● **Exercise details**
Two lines in the data below mark the range: the one with "다음을 누르면 인터넷발급을" and the one with "AKTK连衣裙 秋冬新品原创设计金属镂空修身显瘦高级连衣裙女". Return both, along with every line between them, exactly.

+++ Provided records

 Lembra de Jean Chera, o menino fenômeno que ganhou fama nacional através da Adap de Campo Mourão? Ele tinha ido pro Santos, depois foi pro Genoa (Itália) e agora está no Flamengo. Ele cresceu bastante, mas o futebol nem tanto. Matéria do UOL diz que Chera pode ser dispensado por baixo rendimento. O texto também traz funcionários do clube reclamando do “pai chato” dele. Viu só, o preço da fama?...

++++++
+++ Provided records

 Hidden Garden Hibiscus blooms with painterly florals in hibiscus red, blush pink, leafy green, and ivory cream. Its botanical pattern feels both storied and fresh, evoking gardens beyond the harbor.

++++++
+++ Provided records

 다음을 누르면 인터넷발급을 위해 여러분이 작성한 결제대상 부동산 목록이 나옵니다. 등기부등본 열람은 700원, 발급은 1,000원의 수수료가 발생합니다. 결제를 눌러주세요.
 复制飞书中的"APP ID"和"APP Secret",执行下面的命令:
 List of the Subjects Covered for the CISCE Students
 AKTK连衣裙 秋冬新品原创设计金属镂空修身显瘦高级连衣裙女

++++++

● **Exercise output**
 다음을 누르면 인터넷발급을 위해 여러분이 작성한 결제대상 부동산 목록이 나옵니다. 등기부등본 열람은 700원, 발급은 1,000원의 수수료가 발생합니다. 결제를 눌러주세요.
 复制飞书中的"APP ID"和"APP Secret",执行下面的命令:
 List of the Subjects Covered for the CISCE Students
 AKTK连衣裙 秋冬新品原创设计金属镂空修身显瘦高级连衣裙女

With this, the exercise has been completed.